Una famiglia è composta anzitutto da vir («marito», detto anche maritus) uxor («moglie») liberi («figli») «genitori» (parentes, meno frequentemente genitores), vengono chiamati anche pater («padre») e mater («madre»). Genitor, genitoris significa «padre, madre» con riguardo all’atto del generare i figli. I termini latini sono proseguiti nell’italiano, soprattutto nel plurale «genitori», che ha soppiantato il termine normalmente usato dai Latini parentes. Il sostantivo genêtrix, genitricis (f.) è invece riservato alla madre frater («fratello») soror («sorella»). Diversi erano i nomi per indicare i nonni e gli antenati (avus, avia proâvus/proavia, abâvus, progenîtor ecc. rispettivamente «nonno/a», «bisnonno/a», «trisavolo», «progenitore, avo» ecc.)( l plurale avi, abâvi indicano generalmente gli «antenati»). nepos era riservato ai maschi, neptis alle femmine (nipoti). il fratello della mamma (avuncûlus) e quello dei papà (patrûus). la zia materna (matertêra) e quella paterna (amîta).
Servi, liberti et clientes – Schiavi, liberti e clienti
In una familia, come si è detto, il pater familias aveva la patria
potestas su tutti quelli che risiedevano nella sua dimora, compresi i servi («schiavi»). Questi ultimi svolgevano diverse mansioni a seconda delle loro capacità e delle necessità del dominus («padrone»): alcuni lavoravano i campi, altri erano addetti alla cucina, altri ancora insegnavano come paedagogi («pedagoghi») e così via. Alcuni servi erano liberati dal loro padroni o riuscivano a riscattarsi pagando quello che il padrone aveva sborsato per acquistarli, divenendo così dei liberti («liberti, schiavi affrancati»). Ai margini di una familia patrizia c’erano anche dei clientes («clienti»). Costoro erano persone che vivevano sotto la protezione del pater familias e che andavano nei giorni feriali di buon mattino a omaggiarlo con un «saluto» (salutatio) e a offrirgli i loro servigi. Costui donava ai clientes una sportûla, un canestrino pieno di viveri in seguito sostituito da una somma di denaro.

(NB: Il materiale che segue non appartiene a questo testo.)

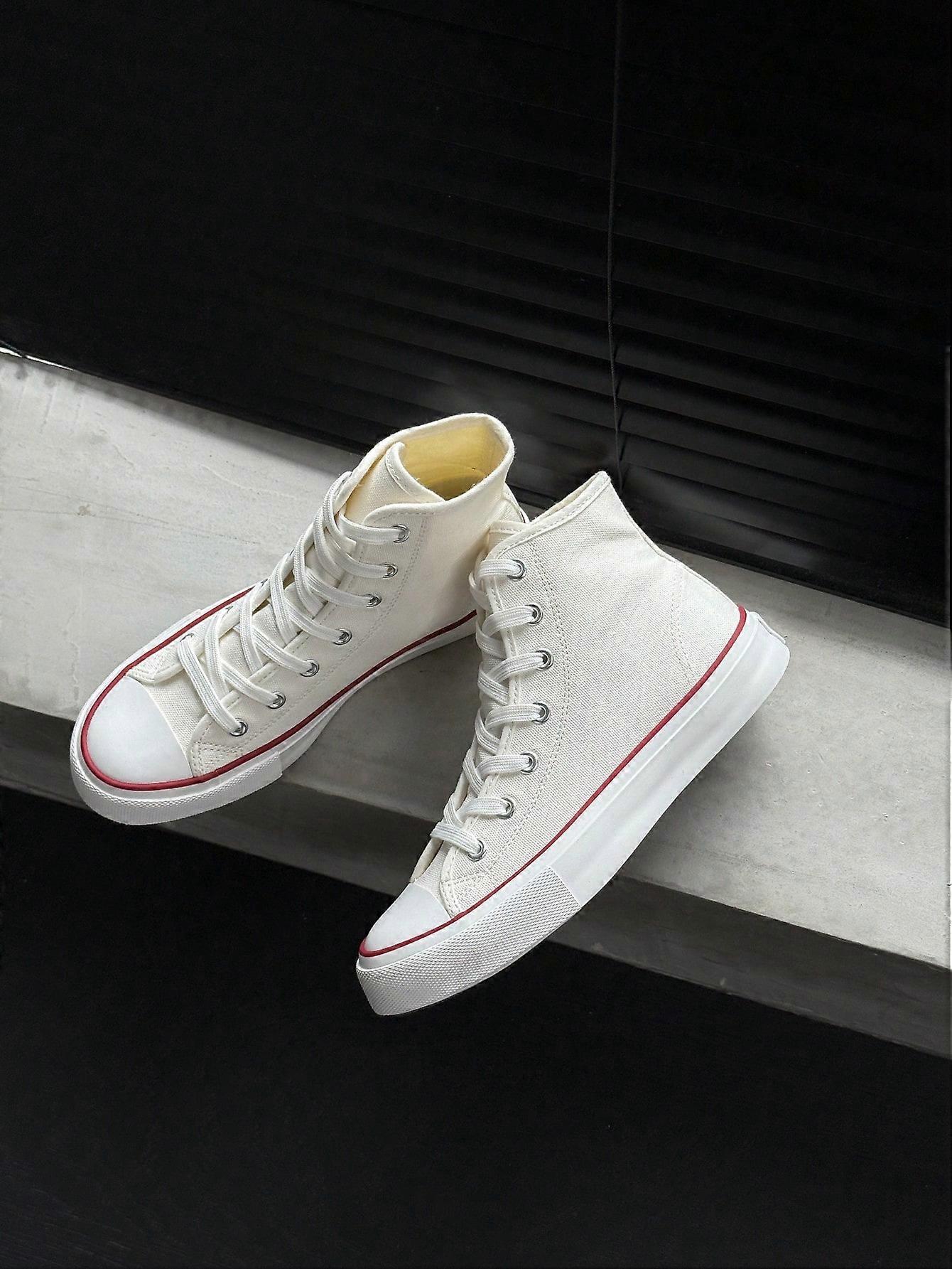 Black Canvas Shoes For Women&Men, High Top Casual Canvas Sneakers, Classic Mid-Top Canvas Shoes, Fashion Lace-Up Vulcanized Shoes, Suitable For Spring

Gens et nomen gentilicium – «Clan» familiare e nome gentilizio
Ogni familia appartiene a una gens («stirpe»). La gens è formata da
tutti i cittadini che affermano di discendere da un antenato comune. Ciascun individuo maschio oltre al praenomen («nome proprio», noi diremmo nome di battesimo), portava il nomen, cioè il nome della gens cui apparteneva. Per esempio: Marcus Tullius identifica un uomo di nome Marco appartenente alla gens Tullia.
Generalmente un individuo aveva anche un cognomen
(«soprannome»), che poteva essere personale o addirittura di un ramo particolare della gens. Marcus Tullius era soprannominato Cicero, cioè «cece».